Plasmids including one or more therapeutically useful genes are used to transform bacterial cells. The engineered bacteria then go through an incubation growth process. After having reached a stable growth rate they can be stored for later delivery or immediately encapsulated for delivery. For example, transformed bacteria can be delivered orally in pill, powder, or suspension form in a liquid, a timed-release oral dose, by adding to a food base such as, for example, a cultured milk product such as yogurt, a cultured foodstuff, a foodstuff, or rectally as a suppository or a combination thereof. Cultured foodstuffs include probiotic beverages that may be dairy or non-dairy, and can include, for example, fermented oat drinks, altered fruit juices, or milk/yogurt-based beverages. Foodstuffs include, for example, cereal bars and chocolate. Useful bacterial vectors include, for example, E. coli, and bacteria from the genera: Lactococcus, Streptococcus, Clostridium, Salmonella, Listeria, Prevotella, Bifidobacterium, Leuconostoc, Peseudomonas, and Lactobacillus species (some of the listed bacterial species refer to deactivated strains that are non-virulent). Other examples of suitable bacteria species include: Streptococcus thermophilus, Lactobacillus bulgaricus, and Bifidobacterium lactis (BB-12).

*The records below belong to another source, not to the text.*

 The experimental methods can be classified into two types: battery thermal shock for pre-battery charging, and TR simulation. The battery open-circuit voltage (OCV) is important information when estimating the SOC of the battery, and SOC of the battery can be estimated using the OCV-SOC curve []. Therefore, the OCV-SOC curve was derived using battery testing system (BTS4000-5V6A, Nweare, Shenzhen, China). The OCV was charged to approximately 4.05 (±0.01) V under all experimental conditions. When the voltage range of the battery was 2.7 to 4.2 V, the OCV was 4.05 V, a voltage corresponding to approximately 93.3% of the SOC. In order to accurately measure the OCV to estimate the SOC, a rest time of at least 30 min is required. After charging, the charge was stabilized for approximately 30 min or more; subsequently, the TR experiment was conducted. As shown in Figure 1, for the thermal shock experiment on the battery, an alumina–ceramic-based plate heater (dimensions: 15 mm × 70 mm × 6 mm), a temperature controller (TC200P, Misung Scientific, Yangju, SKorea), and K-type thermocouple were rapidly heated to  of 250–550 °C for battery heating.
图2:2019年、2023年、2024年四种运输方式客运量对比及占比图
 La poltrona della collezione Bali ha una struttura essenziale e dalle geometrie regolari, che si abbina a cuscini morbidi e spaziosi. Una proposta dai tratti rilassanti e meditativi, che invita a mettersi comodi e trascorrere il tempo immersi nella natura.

In some embodiments, the protein is β-galactosidase (beta-gal). Both human and E. coli versions of the gene-encoding for the beta-gal enzyme (lac gene) exist for the metabolism of lactose. However, native colon E. coli lac genes are maintained in an inactive state by the constant presence of a repressor protein that is only released in the presence of lactose.

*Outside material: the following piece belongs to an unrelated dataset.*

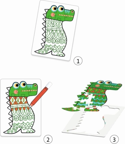 Kreatívna sada pre malých umelcov a milovníkov skladania: najprv si puzzle sami vyfarbia, potom ich poskladajú podľa obrysov. 4 obrázky zvieratiek po 12 dielikoch, zábava rozvíjajúca kreativitu, jemnú motoriku a logiku. Eko balenie šetrné k prírode. Návod je súčasťou, kresliace potreby nie sú priložené.
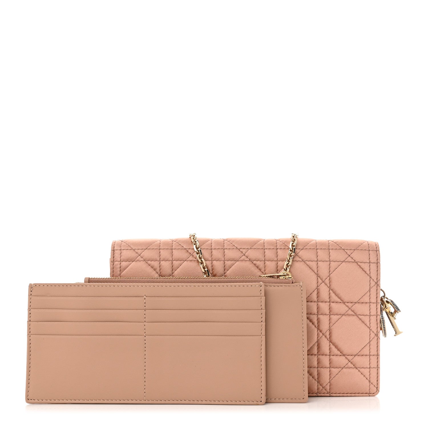 This is an authentic CHRISTIAN DIOR Satin Crystal Cannage Lady Dior Pouch in Nude. This stunning wallet on a chain is crafted of geometric quilted satin fabric in nude. The wallet on a chain features a removable gold chain strap with crystals, and a front flap that opens to a fabric interior with a patch pocket, a card slot insert and a zip pouch insert.

E. coli beta-gal (non-human) can catalyze the prodrug Daun02 (a daunorubicin beta-galactoside prodrug: N-[4″-(β-galactopyranosyl)-3″-nitrobenzyloxycarbonyl]daunomycin) into a toxic drug (daunorubicin) that may be used to kill or inhibit cancer cells. Daun02 is a derivative of the anthracycline daunomycin. Anthracyclines are a class of drugs currently used to treat several types of cancer. Anthracyclines can cause cancer cell death by binding to proteasomes and cancer cell DNA. Anthracyclines an also interfere with topoisomerase function, causing accumulation of cancer cell DNA damage. Other useful prodrugs and enzymes that transform prodrugs into therapeutically active molecules include, for example, gal-DNC4 (N-[(4″R,S)-4″-ethoxy-4″-(1′″-O-β-D-galactopyranosyl)butyl]daunorubicin) (transformative enzymes include: beta-gal), nucleoside or amino acid analogs such as 5-fluorocytosine (transformative enzymes include: cytosine deaminase), polymerase inhibitors such as Poly-ADP (adenosine diphosphate ribose) ribose polymerase-1 inhibitors (transformative enzymes include: glutathione (GSH), glutathione S-transferase P1 (GSTP1)), CNOB (6-chloro-9-nitro-5-oxo-5H-benzo(a)phenoxazine) (transformative enzymes include: E. coli nitroreductase and its alternative form ChrR6), ganciclovir (transformative enzymes include: herpes simplex 1 virus thymidine kinase), nitrogen mustard 1 glutamates, such as CMDA (4 [(2-chloroethyl)(2-mesyloxyethyl)amino]benzoyl l-glutamic acid) (transformative enzymes include: carboxypeptidase G2), 6-methylpurine deoxyriboside (transformative enzymes include: purine nucleoside phosphorylase (PNP)), Irinotecan (CPT 11), (5-[aziridin-1-yl]-2,4-dinitrobenzamide) (CB1954) (transformative enzymes include: nitrogen reductase), doxorubicin prodrugs (transformative enzymes include: penicillin-V amidase), 5-fluorocytosine (transformative enzymes include: cytosine-deaminase (CD)), and cyclophosphamide (transformative enzymes include: cytochrome P450 (CYP450)). Bacteria are transformed with plasmids capable of expressing one or more enzymes that catalyze the conversion of a prodrug into an active drug form.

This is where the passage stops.